Try it: Exactly the lines from the beginning of the records to the line with "練習する姿を見て、お子様も頑", both ends included, are to be given again, and pictures are to be left out.

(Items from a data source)
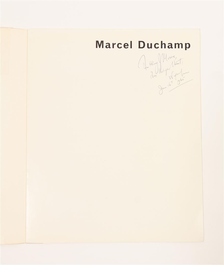 (3) Marcel Duchamp, meme. Hannover, Kestner Gesellschaft, 1965. Staplebound, 21 x 16.5 cm, 76 pp. Catalogue for the travelling show (see above) edited by Wieland Schmied with exhibition list, biography, b/w images and advertisements. Light fold on rear cover, good copy. (4) The almost complete works of Marcel Duchamp. London, Arts Council, 1966. Softcover, 29.5 x 21 cm, 110 pp. Profusely ill. in b/w and colour, with several fold-outs. Green paper wrapper with embossed title on front and die-cut circle on rear. Catalogue for the Duchamp show at the Tate Gallery, the first retrospective exhibition devoted to the artist in Europe, with text by Richard Hamilton. This is the second edition, published in an edition of 2500. Unfortunate wear to spine and rubbing to corners and edges, interior fine. (total 4)
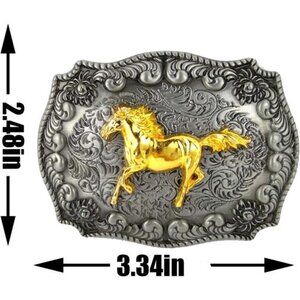 *FANCY DESIGN DETAILS: A golden galloping horse appears on the silver metal which looks awesome. Difficulties need to be overcome in the process of conquering the west, then horses become a necessity. You can own this golden horse belt buckle and overcome your obstacles too.
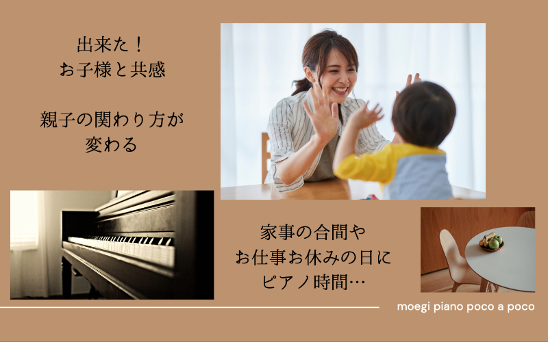 練習する姿を見て、お子様も頑張る気持ちになり、お一人でレッスンを受けられるよりも、楽しく長く続けていけるのです。
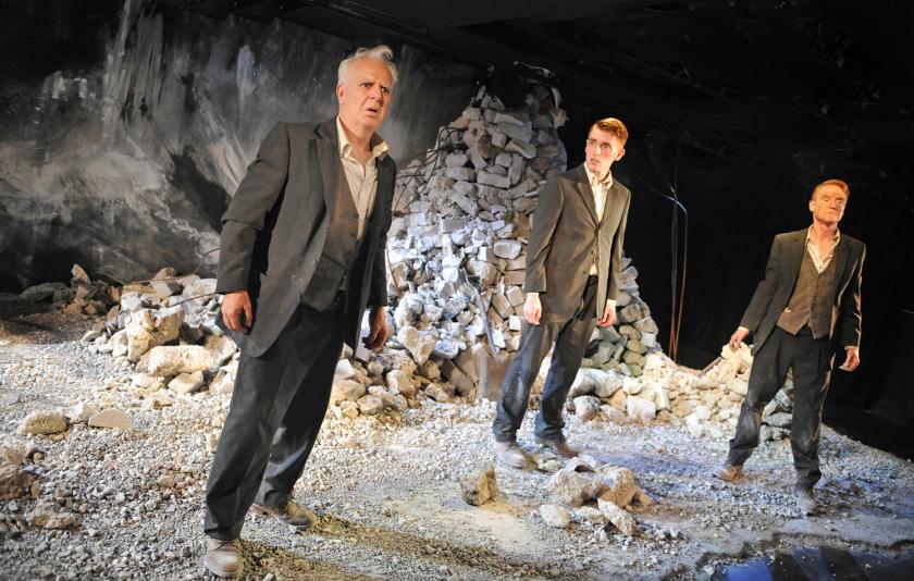 Comprehension is not helped by Pitman Wallace’s production, which gives the three men plenty of hard work to do with shovels and picks, none of it remotely convincing, but all of it effectively distracting. In a dusty, hard environment, the actors do their best with this difficult tale: as the Young Man, Anthony Delaney’s freshness and spirit contrasts well with Owen O’Neill (award-winning one-man performer and adaptor of The Shawshank Redemption) and his passionate intensity. By the end, both men are eclipsed by Gary Lilburn (pictured above right), who achieves a haunting resonance in his final speech. But, even at 70 minutes, this is an intractable and gruelling evening.
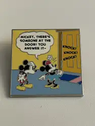 Mickey Minnie Someone at the Door is a Limited Release pin from the Mickey comic mystery Collection pin series. It was originally released on , 2013 and was available from Multiple Sources (WDW, DLR, etc.).
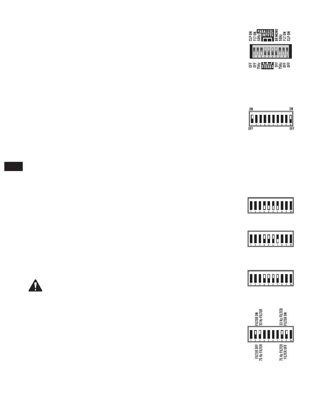 • Los conmutadores 2 y 9 seleccionan 33/75 Hz (baja Z) o 50/75 Hz (modelos “V”) o 75 Hz.
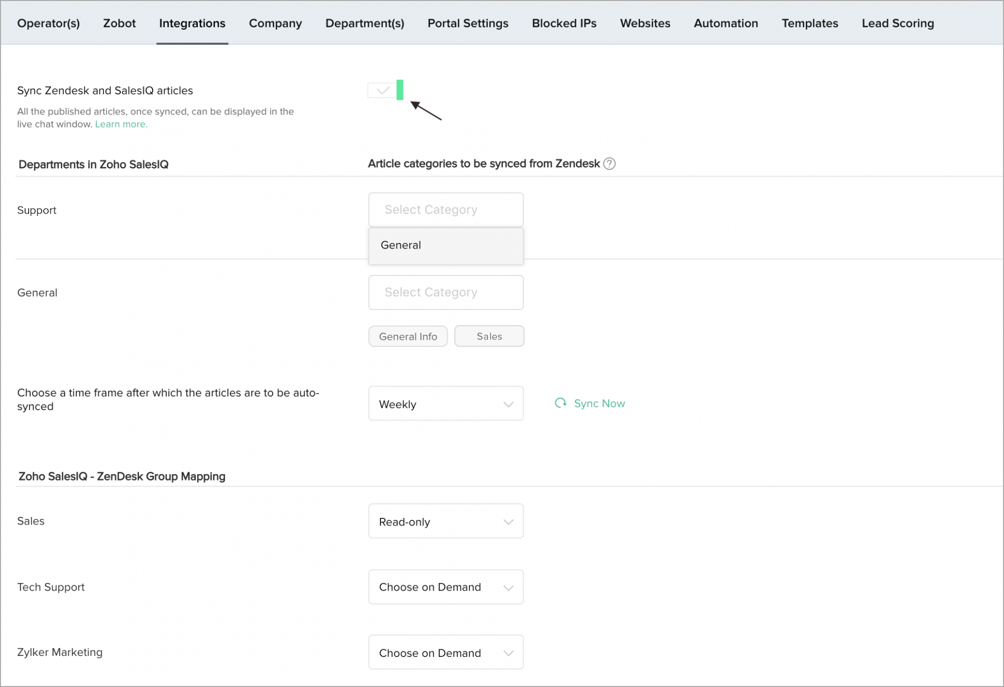 - You can map a Zendesk category to only one SalesIQ department but you can map a department with multiple article categories.

Result for this exercise:
 (3) Marcel Duchamp, meme. Hannover, Kestner Gesellschaft, 1965. Staplebound, 21 x 16.5 cm, 76 pp. Catalogue for the travelling show (see above) edited by Wieland Schmied with exhibition list, biography, b/w images and advertisements. Light fold on rear cover, good copy. (4) The almost complete works of Marcel Duchamp. London, Arts Council, 1966. Softcover, 29.5 x 21 cm, 110 pp. Profusely ill. in b/w and colour, with several fold-outs. Green paper wrapper with embossed title on front and die-cut circle on rear. Catalogue for the Duchamp show at the Tate Gallery, the first retrospective exhibition devoted to the artist in Europe, with text by Richard Hamilton. This is the second edition, published in an edition of 2500. Unfortunate wear to spine and rubbing to corners and edges, interior fine. (total 4)
 *FANCY DESIGN DETAILS: A golden galloping horse appears on the silver metal which looks awesome. Difficulties need to be overcome in the process of conquering the west, then horses become a necessity. You can own this golden horse belt buckle and overcome your obstacles too.
 練習する姿を見て、お子様も頑張る気持ちになり、お一人でレッスンを受けられるよりも、楽しく長く続けていけるのです。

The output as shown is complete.